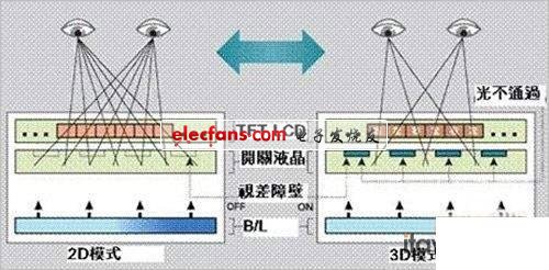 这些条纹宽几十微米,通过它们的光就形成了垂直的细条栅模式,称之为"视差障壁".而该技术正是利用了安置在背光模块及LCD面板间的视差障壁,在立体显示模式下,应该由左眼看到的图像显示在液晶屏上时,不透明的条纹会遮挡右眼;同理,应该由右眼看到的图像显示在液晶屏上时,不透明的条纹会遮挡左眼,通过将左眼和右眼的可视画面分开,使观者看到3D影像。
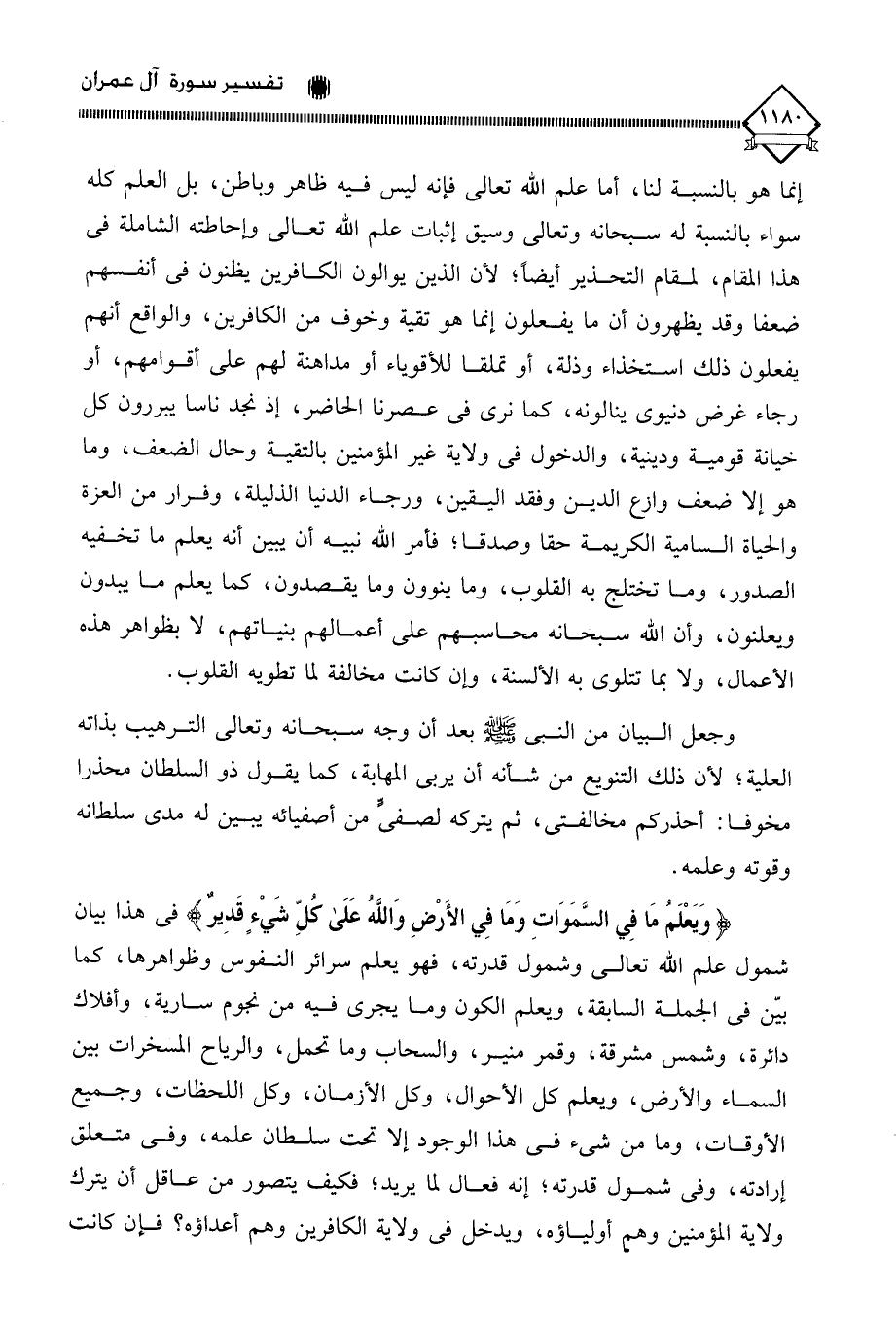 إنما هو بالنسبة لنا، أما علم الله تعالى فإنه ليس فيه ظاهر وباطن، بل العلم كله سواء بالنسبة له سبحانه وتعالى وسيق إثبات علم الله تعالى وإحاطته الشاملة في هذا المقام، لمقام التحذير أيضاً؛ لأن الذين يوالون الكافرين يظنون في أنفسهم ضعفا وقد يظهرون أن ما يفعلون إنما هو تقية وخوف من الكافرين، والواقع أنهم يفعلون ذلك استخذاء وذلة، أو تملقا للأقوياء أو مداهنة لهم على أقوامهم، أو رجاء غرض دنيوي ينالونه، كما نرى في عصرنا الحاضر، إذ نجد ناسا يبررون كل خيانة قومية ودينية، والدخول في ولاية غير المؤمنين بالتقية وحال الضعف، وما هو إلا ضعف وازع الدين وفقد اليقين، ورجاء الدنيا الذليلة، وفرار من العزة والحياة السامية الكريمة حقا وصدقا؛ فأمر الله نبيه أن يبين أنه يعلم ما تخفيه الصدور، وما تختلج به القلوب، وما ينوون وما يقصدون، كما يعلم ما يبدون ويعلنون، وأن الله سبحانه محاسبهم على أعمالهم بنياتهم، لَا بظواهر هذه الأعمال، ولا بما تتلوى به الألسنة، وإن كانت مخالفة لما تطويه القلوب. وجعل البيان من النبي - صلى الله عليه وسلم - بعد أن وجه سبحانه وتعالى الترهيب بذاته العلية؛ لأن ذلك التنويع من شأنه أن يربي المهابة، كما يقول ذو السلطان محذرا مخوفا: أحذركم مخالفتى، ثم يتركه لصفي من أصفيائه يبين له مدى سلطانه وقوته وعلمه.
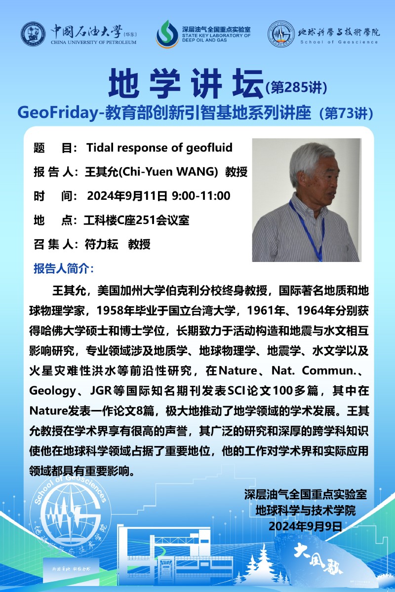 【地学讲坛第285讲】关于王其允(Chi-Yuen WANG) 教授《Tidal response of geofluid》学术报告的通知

**ACTIVITY**: From the line containing "إنما هو بالنسبة" to the last line of the material, every line is to be reproduced exactly. No picture belongs in the copy.

**ANSWER TO THIS TASK**:
 إنما هو بالنسبة لنا، أما علم الله تعالى فإنه ليس فيه ظاهر وباطن، بل العلم كله سواء بالنسبة له سبحانه وتعالى وسيق إثبات علم الله تعالى وإحاطته الشاملة في هذا المقام، لمقام التحذير أيضاً؛ لأن الذين يوالون الكافرين يظنون في أنفسهم ضعفا وقد يظهرون أن ما يفعلون إنما هو تقية وخوف من الكافرين، والواقع أنهم يفعلون ذلك استخذاء وذلة، أو تملقا للأقوياء أو مداهنة لهم على أقوامهم، أو رجاء غرض دنيوي ينالونه، كما نرى في عصرنا الحاضر، إذ نجد ناسا يبررون كل خيانة قومية ودينية، والدخول في ولاية غير المؤمنين بالتقية وحال الضعف، وما هو إلا ضعف وازع الدين وفقد اليقين، ورجاء الدنيا الذليلة، وفرار من العزة والحياة السامية الكريمة حقا وصدقا؛ فأمر الله نبيه أن يبين أنه يعلم ما تخفيه الصدور، وما تختلج به القلوب، وما ينوون وما يقصدون، كما يعلم ما يبدون ويعلنون، وأن الله سبحانه محاسبهم على أعمالهم بنياتهم، لَا بظواهر هذه الأعمال، ولا بما تتلوى به الألسنة، وإن كانت مخالفة لما تطويه القلوب. وجعل البيان من النبي - صلى الله عليه وسلم - بعد أن وجه سبحانه وتعالى الترهيب بذاته العلية؛ لأن ذلك التنويع من شأنه أن يربي المهابة، كما يقول ذو السلطان محذرا مخوفا: أحذركم مخالفتى، ثم يتركه لصفي من أصفيائه يبين له مدى سلطانه وقوته وعلمه.
 【地学讲坛第285讲】关于王其允(Chi-Yuen WANG) 教授《Tidal response of geofluid》学术报告的通知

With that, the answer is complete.